╭──
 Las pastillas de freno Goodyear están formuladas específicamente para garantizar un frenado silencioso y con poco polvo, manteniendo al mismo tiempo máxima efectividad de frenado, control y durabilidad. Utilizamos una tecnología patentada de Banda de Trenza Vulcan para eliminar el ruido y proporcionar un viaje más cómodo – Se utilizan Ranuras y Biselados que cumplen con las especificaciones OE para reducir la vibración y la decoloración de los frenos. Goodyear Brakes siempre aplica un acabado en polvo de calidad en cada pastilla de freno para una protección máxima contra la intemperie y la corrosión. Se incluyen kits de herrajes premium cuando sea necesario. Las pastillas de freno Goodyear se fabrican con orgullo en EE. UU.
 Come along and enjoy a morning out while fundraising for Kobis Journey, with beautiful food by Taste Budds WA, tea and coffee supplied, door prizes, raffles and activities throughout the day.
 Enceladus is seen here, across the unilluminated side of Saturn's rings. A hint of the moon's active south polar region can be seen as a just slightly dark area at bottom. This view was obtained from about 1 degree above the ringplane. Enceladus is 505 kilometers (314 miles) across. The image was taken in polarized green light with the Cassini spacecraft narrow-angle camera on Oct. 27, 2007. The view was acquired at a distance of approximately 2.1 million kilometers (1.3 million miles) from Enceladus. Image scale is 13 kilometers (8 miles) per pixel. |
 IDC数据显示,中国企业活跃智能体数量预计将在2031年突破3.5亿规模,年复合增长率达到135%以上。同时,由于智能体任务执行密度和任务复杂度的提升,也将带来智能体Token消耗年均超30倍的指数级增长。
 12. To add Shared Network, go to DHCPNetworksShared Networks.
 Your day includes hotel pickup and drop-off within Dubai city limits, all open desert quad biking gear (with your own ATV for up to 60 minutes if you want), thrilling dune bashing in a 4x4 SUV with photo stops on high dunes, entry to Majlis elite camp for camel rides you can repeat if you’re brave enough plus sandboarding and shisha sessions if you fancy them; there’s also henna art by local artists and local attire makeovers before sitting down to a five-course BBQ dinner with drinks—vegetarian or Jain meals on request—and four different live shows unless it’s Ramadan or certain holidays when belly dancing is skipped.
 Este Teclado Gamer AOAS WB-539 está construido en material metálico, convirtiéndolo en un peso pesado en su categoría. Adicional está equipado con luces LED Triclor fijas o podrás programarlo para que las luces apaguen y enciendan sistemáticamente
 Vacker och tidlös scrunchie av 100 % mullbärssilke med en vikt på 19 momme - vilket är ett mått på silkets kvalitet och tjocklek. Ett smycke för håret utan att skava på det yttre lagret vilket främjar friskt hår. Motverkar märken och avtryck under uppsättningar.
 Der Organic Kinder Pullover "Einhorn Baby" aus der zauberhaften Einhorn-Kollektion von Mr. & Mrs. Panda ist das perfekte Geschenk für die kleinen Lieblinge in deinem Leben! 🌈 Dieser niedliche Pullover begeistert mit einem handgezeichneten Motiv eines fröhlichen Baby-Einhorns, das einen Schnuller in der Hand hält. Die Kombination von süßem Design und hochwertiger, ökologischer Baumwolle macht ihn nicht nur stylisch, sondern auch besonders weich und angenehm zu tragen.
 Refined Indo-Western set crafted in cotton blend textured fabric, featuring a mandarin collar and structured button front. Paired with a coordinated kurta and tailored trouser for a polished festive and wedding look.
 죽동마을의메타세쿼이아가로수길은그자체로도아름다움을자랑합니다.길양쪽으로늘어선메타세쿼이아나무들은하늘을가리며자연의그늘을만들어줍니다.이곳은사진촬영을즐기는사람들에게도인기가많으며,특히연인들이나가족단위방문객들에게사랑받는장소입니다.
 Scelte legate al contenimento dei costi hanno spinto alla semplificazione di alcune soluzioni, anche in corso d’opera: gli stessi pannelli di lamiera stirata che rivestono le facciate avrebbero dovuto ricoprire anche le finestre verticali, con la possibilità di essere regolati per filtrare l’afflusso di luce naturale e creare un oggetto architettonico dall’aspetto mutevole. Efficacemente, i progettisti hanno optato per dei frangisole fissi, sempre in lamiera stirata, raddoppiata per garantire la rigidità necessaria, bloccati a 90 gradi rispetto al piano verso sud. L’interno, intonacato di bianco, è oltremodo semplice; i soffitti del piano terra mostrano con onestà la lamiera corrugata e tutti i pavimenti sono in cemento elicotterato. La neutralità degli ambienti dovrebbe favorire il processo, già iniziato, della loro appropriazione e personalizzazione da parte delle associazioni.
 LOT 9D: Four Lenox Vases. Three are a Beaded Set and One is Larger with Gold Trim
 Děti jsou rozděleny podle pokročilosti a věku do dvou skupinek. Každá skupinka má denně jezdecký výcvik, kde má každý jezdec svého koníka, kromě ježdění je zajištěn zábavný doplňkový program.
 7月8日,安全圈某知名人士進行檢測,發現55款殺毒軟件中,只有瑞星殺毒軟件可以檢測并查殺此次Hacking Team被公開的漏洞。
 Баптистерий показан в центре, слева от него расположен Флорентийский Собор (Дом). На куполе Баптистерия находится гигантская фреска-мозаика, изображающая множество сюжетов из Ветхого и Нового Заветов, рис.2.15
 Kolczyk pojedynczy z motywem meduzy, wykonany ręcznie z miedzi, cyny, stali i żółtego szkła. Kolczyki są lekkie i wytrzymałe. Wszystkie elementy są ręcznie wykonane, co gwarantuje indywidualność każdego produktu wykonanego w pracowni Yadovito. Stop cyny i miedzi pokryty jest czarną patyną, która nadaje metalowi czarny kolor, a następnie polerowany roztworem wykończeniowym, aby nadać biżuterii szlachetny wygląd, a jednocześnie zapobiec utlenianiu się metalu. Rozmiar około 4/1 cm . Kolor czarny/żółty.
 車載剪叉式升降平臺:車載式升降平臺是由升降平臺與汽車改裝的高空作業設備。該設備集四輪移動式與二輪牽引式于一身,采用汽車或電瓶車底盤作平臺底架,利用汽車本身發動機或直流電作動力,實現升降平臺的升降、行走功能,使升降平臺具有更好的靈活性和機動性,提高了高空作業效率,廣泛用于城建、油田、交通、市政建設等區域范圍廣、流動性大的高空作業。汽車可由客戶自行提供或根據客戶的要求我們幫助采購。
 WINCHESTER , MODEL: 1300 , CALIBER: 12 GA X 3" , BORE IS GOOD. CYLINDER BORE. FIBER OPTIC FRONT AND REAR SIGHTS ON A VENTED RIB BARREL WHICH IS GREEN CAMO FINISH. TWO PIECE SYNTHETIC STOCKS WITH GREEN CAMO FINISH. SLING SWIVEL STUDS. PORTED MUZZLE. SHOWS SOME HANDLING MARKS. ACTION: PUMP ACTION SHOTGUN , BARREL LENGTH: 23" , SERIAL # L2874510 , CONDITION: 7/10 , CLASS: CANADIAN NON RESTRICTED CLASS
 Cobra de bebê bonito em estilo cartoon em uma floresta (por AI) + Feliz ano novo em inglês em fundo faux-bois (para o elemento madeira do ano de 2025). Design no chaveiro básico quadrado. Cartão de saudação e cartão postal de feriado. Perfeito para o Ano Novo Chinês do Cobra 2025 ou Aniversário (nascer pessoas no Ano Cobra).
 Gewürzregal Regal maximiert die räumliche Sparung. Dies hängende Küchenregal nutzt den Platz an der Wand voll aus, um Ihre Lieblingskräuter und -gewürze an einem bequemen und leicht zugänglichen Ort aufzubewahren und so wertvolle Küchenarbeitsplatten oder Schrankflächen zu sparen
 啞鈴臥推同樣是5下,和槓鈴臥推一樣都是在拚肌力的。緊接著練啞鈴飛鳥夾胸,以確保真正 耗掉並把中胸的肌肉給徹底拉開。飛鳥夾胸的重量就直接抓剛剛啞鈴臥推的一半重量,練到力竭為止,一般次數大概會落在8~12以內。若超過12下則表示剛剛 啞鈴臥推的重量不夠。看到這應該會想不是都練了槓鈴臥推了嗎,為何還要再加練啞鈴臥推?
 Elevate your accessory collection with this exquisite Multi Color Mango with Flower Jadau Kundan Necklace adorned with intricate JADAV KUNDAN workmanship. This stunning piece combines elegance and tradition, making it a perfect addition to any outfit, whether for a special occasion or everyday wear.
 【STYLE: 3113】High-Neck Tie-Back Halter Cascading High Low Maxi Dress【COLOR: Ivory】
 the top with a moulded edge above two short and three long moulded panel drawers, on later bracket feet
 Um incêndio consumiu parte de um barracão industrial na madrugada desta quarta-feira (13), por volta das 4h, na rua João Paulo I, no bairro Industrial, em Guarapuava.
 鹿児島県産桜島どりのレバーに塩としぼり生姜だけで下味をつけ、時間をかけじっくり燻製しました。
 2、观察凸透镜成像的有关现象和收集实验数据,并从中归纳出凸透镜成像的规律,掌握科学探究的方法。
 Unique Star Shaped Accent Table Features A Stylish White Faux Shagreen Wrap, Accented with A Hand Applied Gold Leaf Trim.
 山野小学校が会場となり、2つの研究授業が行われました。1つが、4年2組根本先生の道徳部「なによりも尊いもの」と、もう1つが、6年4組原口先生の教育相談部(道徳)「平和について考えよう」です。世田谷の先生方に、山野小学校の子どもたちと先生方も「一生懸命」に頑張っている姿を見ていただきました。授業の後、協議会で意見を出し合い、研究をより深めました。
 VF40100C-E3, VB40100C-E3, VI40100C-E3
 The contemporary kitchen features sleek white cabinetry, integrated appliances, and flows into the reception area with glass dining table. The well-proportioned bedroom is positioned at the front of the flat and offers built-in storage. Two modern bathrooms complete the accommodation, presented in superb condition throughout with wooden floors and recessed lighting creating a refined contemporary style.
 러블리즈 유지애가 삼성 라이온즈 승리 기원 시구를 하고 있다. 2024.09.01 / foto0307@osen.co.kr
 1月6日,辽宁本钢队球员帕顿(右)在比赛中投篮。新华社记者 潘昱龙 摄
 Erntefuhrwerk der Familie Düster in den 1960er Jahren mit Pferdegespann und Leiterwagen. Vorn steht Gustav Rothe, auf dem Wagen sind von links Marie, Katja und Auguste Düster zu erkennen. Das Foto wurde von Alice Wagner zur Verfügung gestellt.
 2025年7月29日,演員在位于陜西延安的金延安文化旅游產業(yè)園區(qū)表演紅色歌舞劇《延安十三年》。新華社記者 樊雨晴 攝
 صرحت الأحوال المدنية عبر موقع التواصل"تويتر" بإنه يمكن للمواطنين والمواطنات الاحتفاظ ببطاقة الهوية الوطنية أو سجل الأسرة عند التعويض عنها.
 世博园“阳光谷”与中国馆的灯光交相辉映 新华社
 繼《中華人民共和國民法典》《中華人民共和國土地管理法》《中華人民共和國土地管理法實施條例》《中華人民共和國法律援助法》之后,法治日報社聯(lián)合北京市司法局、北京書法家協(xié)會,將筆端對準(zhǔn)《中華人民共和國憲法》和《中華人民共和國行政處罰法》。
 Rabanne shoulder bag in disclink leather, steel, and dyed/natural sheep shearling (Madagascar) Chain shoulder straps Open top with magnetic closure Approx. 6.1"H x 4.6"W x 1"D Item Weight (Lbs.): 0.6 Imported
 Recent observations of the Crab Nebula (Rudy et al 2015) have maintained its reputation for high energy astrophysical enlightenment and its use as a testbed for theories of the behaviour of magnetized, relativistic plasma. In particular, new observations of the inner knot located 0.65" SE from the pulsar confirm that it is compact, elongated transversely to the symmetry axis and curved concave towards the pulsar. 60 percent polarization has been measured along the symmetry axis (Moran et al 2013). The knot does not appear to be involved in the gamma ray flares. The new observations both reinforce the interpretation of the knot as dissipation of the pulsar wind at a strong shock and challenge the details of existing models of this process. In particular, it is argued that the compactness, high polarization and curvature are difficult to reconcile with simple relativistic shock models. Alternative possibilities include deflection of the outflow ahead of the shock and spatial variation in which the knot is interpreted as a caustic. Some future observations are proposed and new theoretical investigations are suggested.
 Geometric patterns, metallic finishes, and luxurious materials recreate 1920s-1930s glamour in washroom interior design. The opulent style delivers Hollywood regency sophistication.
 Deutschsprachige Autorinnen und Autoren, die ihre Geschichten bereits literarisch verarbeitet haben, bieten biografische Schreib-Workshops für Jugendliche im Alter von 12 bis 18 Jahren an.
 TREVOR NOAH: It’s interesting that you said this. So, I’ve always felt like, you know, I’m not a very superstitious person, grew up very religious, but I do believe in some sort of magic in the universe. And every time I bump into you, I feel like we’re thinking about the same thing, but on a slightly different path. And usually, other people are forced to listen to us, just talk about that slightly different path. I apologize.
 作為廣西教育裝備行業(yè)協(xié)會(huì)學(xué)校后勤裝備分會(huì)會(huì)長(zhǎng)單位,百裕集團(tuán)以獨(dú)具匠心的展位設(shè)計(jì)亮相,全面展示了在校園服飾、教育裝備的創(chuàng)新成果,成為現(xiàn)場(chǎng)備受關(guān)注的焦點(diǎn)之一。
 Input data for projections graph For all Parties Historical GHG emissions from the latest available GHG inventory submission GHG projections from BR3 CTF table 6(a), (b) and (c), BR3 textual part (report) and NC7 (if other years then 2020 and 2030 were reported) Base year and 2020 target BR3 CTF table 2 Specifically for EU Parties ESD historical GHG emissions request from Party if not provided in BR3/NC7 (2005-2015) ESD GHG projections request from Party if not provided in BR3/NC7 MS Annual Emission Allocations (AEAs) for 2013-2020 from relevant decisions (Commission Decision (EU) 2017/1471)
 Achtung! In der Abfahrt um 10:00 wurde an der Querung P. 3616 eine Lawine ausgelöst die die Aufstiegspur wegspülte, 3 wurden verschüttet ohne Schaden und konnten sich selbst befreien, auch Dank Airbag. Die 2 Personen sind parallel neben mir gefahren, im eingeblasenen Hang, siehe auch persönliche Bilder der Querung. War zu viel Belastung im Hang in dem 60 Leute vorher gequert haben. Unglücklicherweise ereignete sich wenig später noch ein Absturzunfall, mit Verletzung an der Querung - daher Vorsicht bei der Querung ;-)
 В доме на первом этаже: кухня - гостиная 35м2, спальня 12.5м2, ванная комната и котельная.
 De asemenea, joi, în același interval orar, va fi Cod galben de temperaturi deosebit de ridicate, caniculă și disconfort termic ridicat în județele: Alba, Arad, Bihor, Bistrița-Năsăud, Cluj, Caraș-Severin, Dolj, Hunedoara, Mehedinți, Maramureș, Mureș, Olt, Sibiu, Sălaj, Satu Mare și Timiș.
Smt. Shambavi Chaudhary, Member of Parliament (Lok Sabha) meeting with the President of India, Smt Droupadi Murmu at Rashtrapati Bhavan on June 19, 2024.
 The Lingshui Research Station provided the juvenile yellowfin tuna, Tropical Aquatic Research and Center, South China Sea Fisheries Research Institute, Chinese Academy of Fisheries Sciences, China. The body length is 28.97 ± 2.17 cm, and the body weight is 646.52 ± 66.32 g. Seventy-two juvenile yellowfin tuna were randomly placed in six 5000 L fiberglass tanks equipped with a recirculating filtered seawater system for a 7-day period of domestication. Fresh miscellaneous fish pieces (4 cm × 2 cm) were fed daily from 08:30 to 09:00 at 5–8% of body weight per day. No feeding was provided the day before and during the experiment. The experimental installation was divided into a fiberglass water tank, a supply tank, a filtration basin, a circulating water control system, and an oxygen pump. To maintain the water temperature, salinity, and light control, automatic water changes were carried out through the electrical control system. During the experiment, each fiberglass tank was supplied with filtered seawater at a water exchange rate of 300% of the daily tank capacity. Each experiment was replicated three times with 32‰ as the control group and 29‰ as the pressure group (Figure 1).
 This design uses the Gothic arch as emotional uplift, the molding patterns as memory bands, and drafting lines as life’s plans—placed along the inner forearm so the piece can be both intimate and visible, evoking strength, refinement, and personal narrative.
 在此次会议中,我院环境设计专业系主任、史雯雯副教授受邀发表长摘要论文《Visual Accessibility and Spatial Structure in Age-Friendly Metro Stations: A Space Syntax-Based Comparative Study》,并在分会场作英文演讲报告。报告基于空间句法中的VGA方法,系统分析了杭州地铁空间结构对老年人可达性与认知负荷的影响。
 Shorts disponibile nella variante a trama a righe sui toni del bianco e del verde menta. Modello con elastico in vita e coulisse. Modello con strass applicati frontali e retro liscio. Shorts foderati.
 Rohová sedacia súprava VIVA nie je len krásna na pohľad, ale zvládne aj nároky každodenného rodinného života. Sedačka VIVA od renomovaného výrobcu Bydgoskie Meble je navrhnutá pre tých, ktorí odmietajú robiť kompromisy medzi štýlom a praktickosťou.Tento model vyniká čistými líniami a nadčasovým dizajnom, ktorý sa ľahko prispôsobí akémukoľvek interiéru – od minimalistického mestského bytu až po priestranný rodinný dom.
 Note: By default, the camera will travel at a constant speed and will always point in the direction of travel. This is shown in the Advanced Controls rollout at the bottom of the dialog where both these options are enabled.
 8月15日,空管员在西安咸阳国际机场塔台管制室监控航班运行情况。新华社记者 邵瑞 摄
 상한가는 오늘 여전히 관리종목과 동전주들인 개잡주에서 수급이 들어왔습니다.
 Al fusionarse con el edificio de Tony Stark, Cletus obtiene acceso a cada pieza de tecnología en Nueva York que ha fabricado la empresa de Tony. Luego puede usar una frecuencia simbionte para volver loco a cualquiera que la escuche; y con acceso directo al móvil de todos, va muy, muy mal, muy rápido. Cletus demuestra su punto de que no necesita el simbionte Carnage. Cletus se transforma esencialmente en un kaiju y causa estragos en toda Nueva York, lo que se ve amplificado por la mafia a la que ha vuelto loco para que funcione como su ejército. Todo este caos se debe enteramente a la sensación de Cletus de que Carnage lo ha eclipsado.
╰──
> _Exercise objective_: Copy out all lines of the listing where the word "新华社记者" appears.

> _Your solution_:
 1月6日,辽宁本钢队球员帕顿(右)在比赛中投篮。新华社记者 潘昱龙 摄
 8月15日,空管员在西安咸阳国际机场塔台管制室监控航班运行情况。新华社记者 邵瑞 摄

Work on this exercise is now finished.